25% being the correct answer would mean that (a) is correct answer and (d) is correct answer, but that would indicate 50% success of probability => (a) and (d) are wrong.

(b) being correct would give 25% probability of success, but answer lists 50% => (b) is wrong

(c) being correct would give 25% probability of success, but answer lists 60% => (c) is wrong

Therefore you must conclude that (a) is wrong, (b) is wrong, (c) is wrong, (d) is wrong

So "what is the chance that you will be correct" could only be answered with NO CHANCE (zero percent)

Why is this exercise so hard? Because it is a mixture of probability, logic, abstraction, intuition, counter-intuition, all of which are hard skills.

Saturday, October 8, 2011

Pure Mathematics and the horror of numbers

He was a pure mathematician who used to work entirely with abstract symbols, but had now sunk so low that his latest report contained actual numbers, indeed numbers with decimal points; that (he pretended) was the ultimate disgrace!

The above extract is from the excellent "The Man Who Loved Only Numbers"

I laughed quite hard when I read this :)

Saturday, October 1, 2011

logarithm of large number - it is not about computation!

Computer programmers who have not studied Mathematics beyond elementary level, often trip over this one.

Perhaps you asked yourself one of these questions:
Why does Gnu Gmp library not have a logarithm function?

What is the natural log of a large number such as 6775471000000000?

Rules of logs - product and powers:

For calculating logarithms of gigantic numbers - the standard ANSI C library is probably all that you need.

That computational tool, needs to be supplemented, with two pieces of Mathematical knowledge as illustrated here:

Images courtesy of Wikipedia (Creative Commons Licensed)

The number I mentioned above 6775471000000000 is too large for entry into a school standard calculator. Ten digits or so is the most you can enter.

Rewrite the number as 6775471 times 'a thousand million' and go that way.

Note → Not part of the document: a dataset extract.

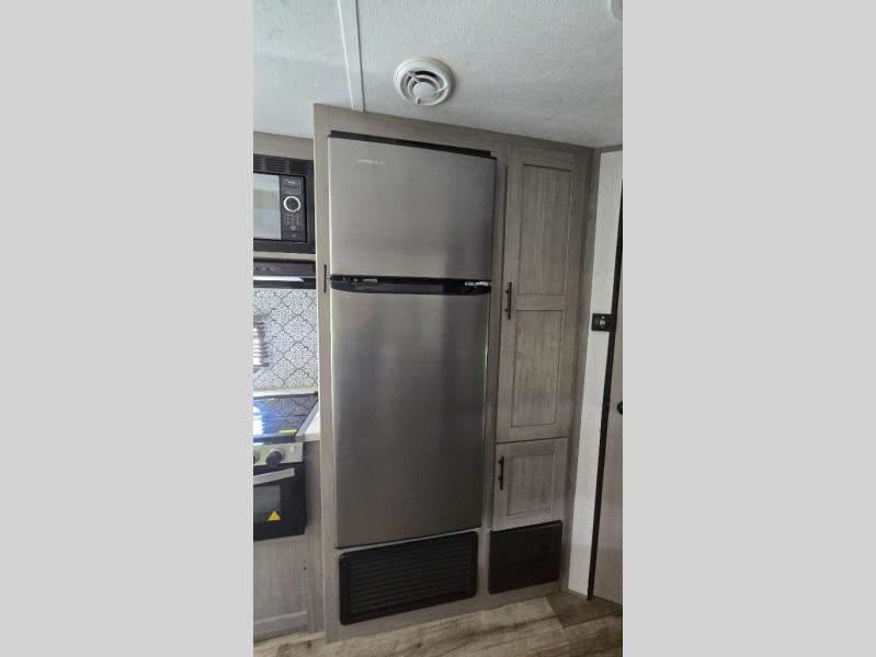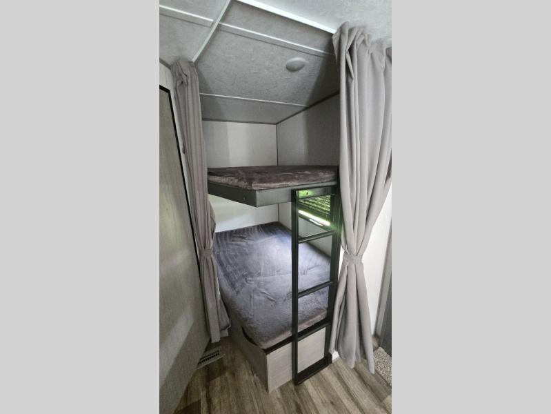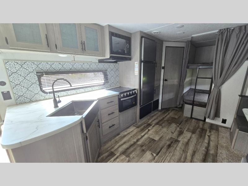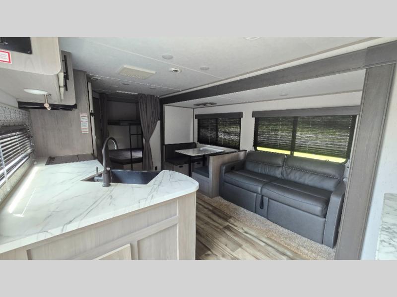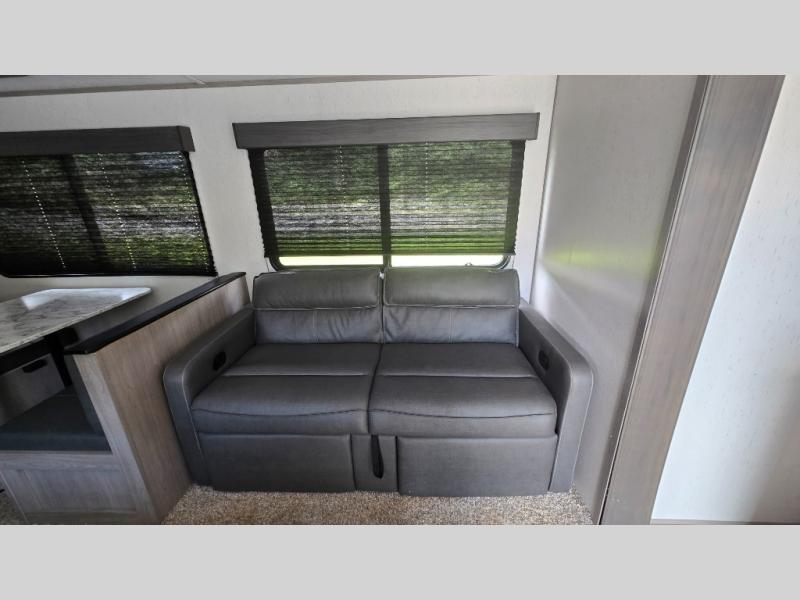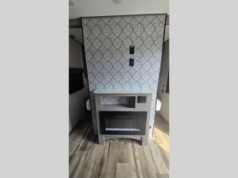 Camp comfortably with your larger group in this trailer that gives you privacy in the front bedroom with a queen bed and dual access, rear double-size bunks next to the full bathroom with the second entry/exit door to the trailer that is super convenient, and a furniture slide that includes a booth dinette and a reclining sofa that some will surely love sleeping on. The main area also includes a fireplace and kitchen appliances including a 10 cu. ft. refrigerator, a farm style sink with high rise faucet, and storage. There is more storage found outside in the pass-through compartment allowing you to take along the larger camping items like camp chairs and tables, charcoal and even fishing poles.

Using the product of logs rule (graphic above) and doing the two calculations we see that:

log(6775471) = 15.728819  to 6 decimal places


log(1,000,000,000) = 20.723266 to 6 decimal places

Add the two answers together gives 36.452085 to 6 decimal places

Alternatively for the second piece of the addition you could have used 9log(10) by utilising the second rule - power of logs.

But my number is huge and does not contain a long stream of zeros?

This is all about precision. Do you really need more than say 6 or 8 decimal places?

Avoid creating artificial conditions. Unless you are working with numerical methods and/or in Engineering, then you will probably answer NO to what I just asked.

So your number is 6775471 followed by another 75 digits (some zero some not)

If you only need 6 digits of precision in your answer, then it matters not what those 75 digits contain, simply pretend they are zero, and either adapt my method shown or...

...use the 2nd log rule from the image above.
( hint: You might want to use 75log(10) as part of your workings. )

Answer Guess: Around 187.nnnnnn sounds about right.

Prime number searching should not be limited to just Mathematicians


However looking up some rules of logarithms by reading this page or looking on Wikipedia is not hard.

So quit moaning that 'such and such a library' does not have a function for logarithms of huge integers, and take five minutes to do a little addition and subtraction.

Often Ansi C coders first go searching for log() of huge integer functions, when they are writing prime number search programs, which is why I mention it.

Notes and Further Reading:

Laws of Logarithms is part of the "Core 2 (C2)" Curriculum for post compulsory education in the UK (A level) .

If you studied Engineering at University, then you will have encountered Laws of Logarithms twice - once as part of 'A Level' Mathematics, and once as part of your Engineering course.

All the Logarithms in this article are 'Natural Log'. Your calculator might show that as 'ln' depending on the brand.

The Laws of Logarithms apply similarly to base 10 logs - but you would obtain different decimal answers, than those tabulated above.

The Index page for that C2 book shows pages 43 and 44 cover 'multiplication law' & 'power law' for Logarithms.